The military is still a government job; a career path with huge risks. How fast the so-called small government types forget this immutable truth. From the appropriately titled “Your Government’s Jihadi Protection Program“ (which the military has become):
“When Republicans and conservatives cavil about the gargantuan growth of government, they target the state’s welfare apparatus and spare its war machine. Unbeknown to these factions, the military is government. The military works like government; is financed like government, and sports many of the same inherent malignancies of government. Like government, it must be kept small. Conservative can’t coherently preach against the evils of big government, while excluding the military mammoth.”—ILANA (“Your Government’s Jihadi Protection Program.“)

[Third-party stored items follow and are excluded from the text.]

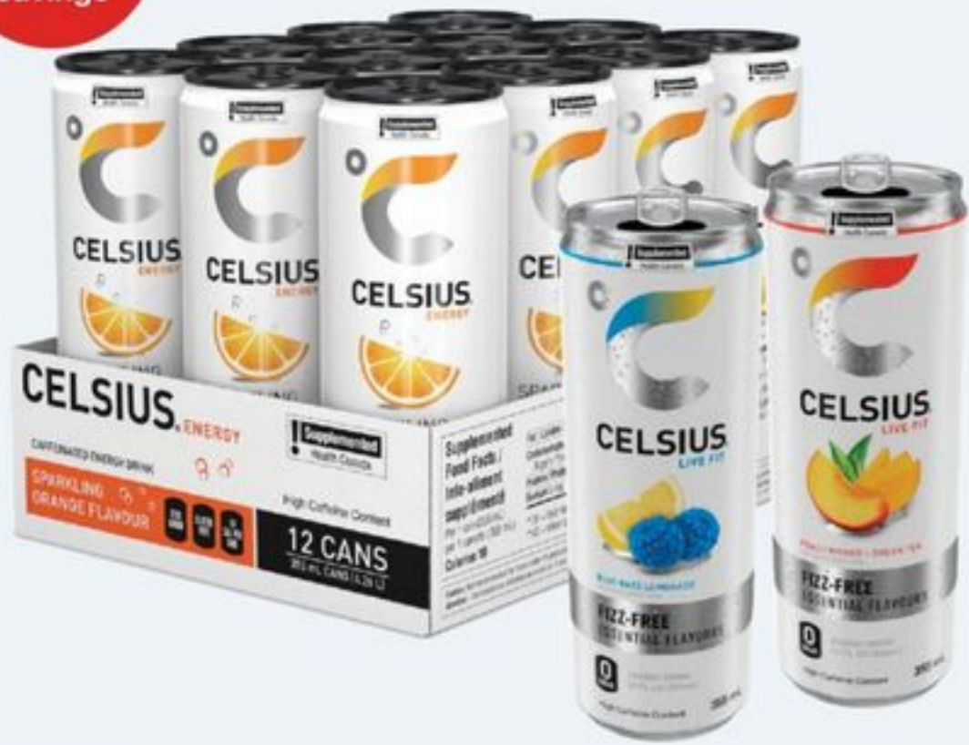
CELSIUS ENERGY DRINKS SELECTED VARIETIES 12 X 355 ML 21576466_C12
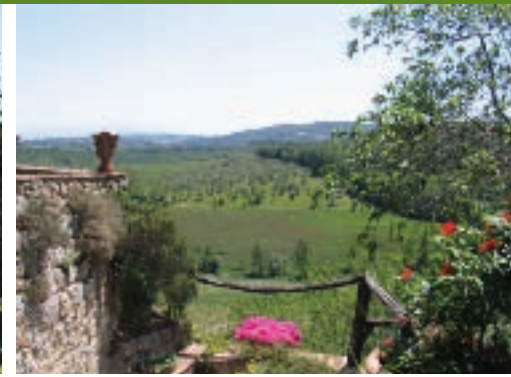
View from Fattoria Campriano.
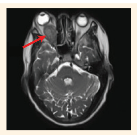
Figure 3: Magnetic resonance imaging scan of the head of a 50-year-old male patient showing a mass in the right orbit (arrow).

presence of the tumour. The pathological staging was pT4 and immunohistochemical stains were positive for synaptophysin and chromogranin, whereas Ki-67 was at 2% positivity in the tumour cells. The mesentery towards the tumour site was positive for the presence of the carcinoma. The omentum showed multifocal metastatic NET/carcinoid tumour presence with the largest nodule measuring 3.5 cm.
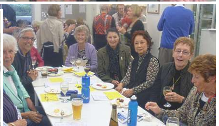
All smiles from South Perth Bridge Club

We have a solemn [negative] duty not to violate the rights of foreigners everywhere to life, liberty, and property. But we have no duty to uphold their rights. Why? Because (supposedly) upholding the negative rights of the world’s citizens involves compromising the negative liberties of Americans—their lives, liberties, and livelihoods. The classical liberal government’s duty is to its own citizens, first.
“philanthropic” wars are transfer programs—the quintessential big-government projects, if you will. The warfare state, like the welfare state, is thus inimical to the classical liberal creed. Therefore, government’s duties in the classical liberal tradition are negative, not positive; to protect freedoms, not to plan projects. As I’ve written, “In a free society, the ‘vision thing’ is left to private individuals; civil servants are kept on a tight leash, because free people understand that a ‘visionary’ bureaucrat is a voracious one and that the grander the government (‘great purposes’ in Bush Babble), the poorer and less free the people.”